Lastly, we measure the amount of time used for communication compared to that for computation. As previously discussed, our protocols were designed to minimize the round complexity and consequently reduce the communication time. We therefore were interested in determining the portion of the overall runtime due to communication, and the results for the set intersection protocol (without compaction) are given in Fig. 1. Following our expectation, for small set sizes most of the overall runtime is due to communication, and the fraction of time spent on communication gradually decreases as we increase the set size.

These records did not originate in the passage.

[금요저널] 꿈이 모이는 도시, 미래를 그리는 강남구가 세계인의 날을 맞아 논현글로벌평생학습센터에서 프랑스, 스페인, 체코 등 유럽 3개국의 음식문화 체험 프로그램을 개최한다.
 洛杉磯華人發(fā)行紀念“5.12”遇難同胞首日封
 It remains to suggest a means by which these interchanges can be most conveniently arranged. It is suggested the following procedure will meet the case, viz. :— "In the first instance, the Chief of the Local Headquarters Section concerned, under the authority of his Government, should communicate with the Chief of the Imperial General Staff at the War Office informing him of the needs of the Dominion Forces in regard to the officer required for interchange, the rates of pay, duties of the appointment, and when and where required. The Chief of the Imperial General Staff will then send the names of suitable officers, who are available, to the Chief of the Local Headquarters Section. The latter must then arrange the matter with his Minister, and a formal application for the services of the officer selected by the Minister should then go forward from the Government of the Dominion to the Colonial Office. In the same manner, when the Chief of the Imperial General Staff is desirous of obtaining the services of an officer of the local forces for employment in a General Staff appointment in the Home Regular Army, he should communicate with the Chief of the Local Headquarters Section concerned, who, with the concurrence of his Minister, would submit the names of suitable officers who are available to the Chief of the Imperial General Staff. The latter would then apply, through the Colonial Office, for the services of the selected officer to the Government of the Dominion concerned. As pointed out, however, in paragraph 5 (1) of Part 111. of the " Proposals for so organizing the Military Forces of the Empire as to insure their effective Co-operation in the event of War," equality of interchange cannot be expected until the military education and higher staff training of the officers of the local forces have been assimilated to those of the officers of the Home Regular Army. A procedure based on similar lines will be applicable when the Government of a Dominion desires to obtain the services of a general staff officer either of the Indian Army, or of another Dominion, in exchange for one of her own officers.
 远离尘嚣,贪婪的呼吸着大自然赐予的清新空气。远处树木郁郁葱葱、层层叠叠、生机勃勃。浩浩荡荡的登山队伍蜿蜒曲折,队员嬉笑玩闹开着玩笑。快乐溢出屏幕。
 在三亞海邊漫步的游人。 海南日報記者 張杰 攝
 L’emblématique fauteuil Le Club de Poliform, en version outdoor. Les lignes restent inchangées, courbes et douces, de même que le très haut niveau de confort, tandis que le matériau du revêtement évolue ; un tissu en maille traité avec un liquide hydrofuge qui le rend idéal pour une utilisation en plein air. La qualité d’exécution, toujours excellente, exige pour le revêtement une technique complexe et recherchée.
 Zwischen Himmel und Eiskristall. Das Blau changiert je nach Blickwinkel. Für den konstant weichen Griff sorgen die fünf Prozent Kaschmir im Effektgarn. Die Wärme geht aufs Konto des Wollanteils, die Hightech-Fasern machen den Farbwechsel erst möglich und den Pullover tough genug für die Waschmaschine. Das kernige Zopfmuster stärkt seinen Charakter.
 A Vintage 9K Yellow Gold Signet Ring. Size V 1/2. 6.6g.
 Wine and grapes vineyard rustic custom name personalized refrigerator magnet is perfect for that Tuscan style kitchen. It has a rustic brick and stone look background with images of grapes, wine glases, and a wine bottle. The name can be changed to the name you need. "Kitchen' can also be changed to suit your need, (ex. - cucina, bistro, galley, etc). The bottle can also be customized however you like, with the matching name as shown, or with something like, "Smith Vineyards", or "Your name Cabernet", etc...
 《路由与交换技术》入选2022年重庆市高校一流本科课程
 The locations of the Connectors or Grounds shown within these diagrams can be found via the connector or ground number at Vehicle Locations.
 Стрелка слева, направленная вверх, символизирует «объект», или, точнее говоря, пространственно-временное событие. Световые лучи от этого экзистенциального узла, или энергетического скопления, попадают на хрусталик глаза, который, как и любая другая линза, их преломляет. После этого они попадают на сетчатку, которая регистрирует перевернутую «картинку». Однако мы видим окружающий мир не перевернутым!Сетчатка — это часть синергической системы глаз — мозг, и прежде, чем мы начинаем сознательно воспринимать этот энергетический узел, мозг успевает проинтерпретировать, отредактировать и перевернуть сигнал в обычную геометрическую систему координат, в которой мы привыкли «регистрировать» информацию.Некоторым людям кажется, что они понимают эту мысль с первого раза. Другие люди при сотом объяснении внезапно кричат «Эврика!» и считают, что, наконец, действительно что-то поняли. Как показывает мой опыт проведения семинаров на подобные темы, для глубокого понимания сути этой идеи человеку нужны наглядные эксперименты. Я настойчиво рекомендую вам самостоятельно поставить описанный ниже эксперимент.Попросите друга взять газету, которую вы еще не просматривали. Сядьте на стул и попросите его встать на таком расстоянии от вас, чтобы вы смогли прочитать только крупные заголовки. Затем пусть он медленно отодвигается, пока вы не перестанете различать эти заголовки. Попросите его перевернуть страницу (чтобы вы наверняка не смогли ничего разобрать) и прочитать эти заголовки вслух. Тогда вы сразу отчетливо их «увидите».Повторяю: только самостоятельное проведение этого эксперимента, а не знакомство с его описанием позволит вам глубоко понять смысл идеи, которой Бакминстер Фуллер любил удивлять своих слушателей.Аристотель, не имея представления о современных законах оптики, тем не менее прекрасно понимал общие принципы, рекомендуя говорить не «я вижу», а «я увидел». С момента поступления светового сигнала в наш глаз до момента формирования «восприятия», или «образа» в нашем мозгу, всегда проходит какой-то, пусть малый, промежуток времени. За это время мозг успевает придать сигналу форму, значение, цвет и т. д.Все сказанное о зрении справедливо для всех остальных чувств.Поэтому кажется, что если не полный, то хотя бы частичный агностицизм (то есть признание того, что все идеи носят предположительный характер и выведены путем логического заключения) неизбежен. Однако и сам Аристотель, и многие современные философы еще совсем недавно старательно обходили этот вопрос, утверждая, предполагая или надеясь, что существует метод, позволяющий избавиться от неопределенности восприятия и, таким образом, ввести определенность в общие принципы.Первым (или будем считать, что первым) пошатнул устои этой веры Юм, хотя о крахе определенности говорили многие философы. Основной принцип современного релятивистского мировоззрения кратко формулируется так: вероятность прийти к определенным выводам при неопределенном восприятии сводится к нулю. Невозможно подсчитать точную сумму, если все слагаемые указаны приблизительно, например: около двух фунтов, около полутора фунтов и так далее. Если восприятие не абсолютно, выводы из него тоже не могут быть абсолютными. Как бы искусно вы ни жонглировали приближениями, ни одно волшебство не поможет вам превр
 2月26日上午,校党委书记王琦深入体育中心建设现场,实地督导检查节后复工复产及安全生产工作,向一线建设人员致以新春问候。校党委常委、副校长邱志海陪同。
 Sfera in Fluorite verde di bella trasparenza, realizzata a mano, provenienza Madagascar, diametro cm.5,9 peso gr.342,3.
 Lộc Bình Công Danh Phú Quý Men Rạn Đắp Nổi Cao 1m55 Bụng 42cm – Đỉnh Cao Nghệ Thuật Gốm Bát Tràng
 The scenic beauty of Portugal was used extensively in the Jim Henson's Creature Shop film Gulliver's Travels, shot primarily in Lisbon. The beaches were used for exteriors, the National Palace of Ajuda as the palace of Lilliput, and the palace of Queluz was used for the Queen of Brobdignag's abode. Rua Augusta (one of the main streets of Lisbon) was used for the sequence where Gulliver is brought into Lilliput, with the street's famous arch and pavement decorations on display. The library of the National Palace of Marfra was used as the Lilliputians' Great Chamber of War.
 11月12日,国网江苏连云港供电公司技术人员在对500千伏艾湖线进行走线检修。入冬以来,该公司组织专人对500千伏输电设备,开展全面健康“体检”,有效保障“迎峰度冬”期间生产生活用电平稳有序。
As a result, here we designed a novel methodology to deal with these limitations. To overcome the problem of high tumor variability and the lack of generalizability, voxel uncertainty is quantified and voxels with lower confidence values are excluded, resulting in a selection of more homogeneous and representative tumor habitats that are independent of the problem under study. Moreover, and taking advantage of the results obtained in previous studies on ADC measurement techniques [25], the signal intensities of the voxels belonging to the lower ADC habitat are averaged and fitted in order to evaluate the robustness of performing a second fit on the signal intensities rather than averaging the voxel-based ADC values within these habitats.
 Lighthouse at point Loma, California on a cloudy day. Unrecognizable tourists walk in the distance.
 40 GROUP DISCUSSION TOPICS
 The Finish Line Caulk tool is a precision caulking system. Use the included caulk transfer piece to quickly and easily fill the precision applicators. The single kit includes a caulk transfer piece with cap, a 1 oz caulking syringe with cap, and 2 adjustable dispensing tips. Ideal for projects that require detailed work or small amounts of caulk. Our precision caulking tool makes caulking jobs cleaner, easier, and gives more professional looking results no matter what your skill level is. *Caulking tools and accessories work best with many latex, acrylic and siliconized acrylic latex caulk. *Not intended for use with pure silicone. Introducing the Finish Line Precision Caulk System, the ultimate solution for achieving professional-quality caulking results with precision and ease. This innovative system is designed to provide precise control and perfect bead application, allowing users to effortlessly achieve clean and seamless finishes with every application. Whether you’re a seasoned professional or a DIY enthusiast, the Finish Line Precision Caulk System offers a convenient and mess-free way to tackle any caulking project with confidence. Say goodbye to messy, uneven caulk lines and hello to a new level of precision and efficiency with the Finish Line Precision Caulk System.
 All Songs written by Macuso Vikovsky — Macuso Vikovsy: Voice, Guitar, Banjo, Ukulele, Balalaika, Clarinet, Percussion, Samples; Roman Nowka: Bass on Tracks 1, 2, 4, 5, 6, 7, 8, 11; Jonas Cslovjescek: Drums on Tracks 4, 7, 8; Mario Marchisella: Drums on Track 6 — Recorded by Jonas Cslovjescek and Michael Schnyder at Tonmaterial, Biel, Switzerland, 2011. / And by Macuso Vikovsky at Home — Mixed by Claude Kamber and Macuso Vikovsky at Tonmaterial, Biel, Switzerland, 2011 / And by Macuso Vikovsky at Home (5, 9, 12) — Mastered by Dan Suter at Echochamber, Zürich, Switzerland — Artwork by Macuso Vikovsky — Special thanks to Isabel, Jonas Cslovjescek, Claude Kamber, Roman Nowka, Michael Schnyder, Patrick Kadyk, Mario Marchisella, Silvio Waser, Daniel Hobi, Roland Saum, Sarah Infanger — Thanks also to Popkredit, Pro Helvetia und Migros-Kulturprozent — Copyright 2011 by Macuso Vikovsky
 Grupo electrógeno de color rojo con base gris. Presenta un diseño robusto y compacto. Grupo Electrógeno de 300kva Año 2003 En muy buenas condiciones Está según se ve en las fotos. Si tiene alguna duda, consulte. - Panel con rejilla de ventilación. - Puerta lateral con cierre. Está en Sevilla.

Recently, implementations of secure set intersection protocols in the two-party setting have appeared in the literature [30, 47]. Because of the drastic differences in our setting and the setting adopted in those publications, a direct performance comparison of our solutions and those in [30, 47] is not possible. We can therefore only provide a discussion of the relative performance and capabilities of the solutions. In particular, Huang et al. [47] propose protocols for set intersection in the two-party setting based on Yao’s generic garbled circuit evaluation [71]. For sets with 1024 elements and the security parameter set to guarantee short-term security (112 bits), their most efficient implementation yields a runtime of 11.8 seconds for elements represented using 32 bits (exact runtimes are not available for sets of other sizes). In another recent implementation of two-party set intersection [30], the authors measured the performance of a custom linear-time RSA-based protocol from [29]. The implementation was optimized and fully parallelized, in that the computation was partitioned among the cores of a 4-core server and dual core client. The authors achieve a notable runtime of 1.8 seconds for sets of size 1000 and the same 112-bit short-term security parameter. Although our implementation results in a slower performance, this gap is largely expected for a variety of reasons. The most prominent reason is the fact that our multi-party framework incurs numerous interactive rounds during computation while these two-party solutions require a single interaction. Second, our solution is oblivious with respect to the inputs, while in the solutions implemented in both [47] and [30] the fact that the parties have knowledge of the sets (and in some cases other information) results in faster performance. Third, not taking advantage of the available multiple CPU cores in our implementation contributes to the amount of time spent on computation, although this can be substantially reduced in an implementation that parallelizes the computation. Lastly, the flexibility of our framework, composability of the protocols, and support for a large number of set and multiset operations offer advantages not available in other settings, and our solution can be preferred for those reasons despite its longer runtime.

10 Conclusions

This work is the first to provide a comprehensive suite of protocols for multi-party set and multiset operations that are data-oblivious and composable. The list of covered operations consists of set and multiset union, intersection, equality, symmetric and asymmetric difference, subset and superset relationships, and element reduction (for multisets). The flexibility of the framework allows these operations to be employed in a variety of settings ranging from the traditional secure multi-party computation to secure outsourcing by one or more parties. The solutions have a natural support for hiding the output size and can be easily extended to compute cardinality or over-the-threshold cardinality of the result. All solutions are information-theoretically secure against malicious adversaries, achieve low communication and computation cost of \(O(m \log m)\) for data sets of size m, and were designed to minimize round complexity. Experimental results show practicality of our solution.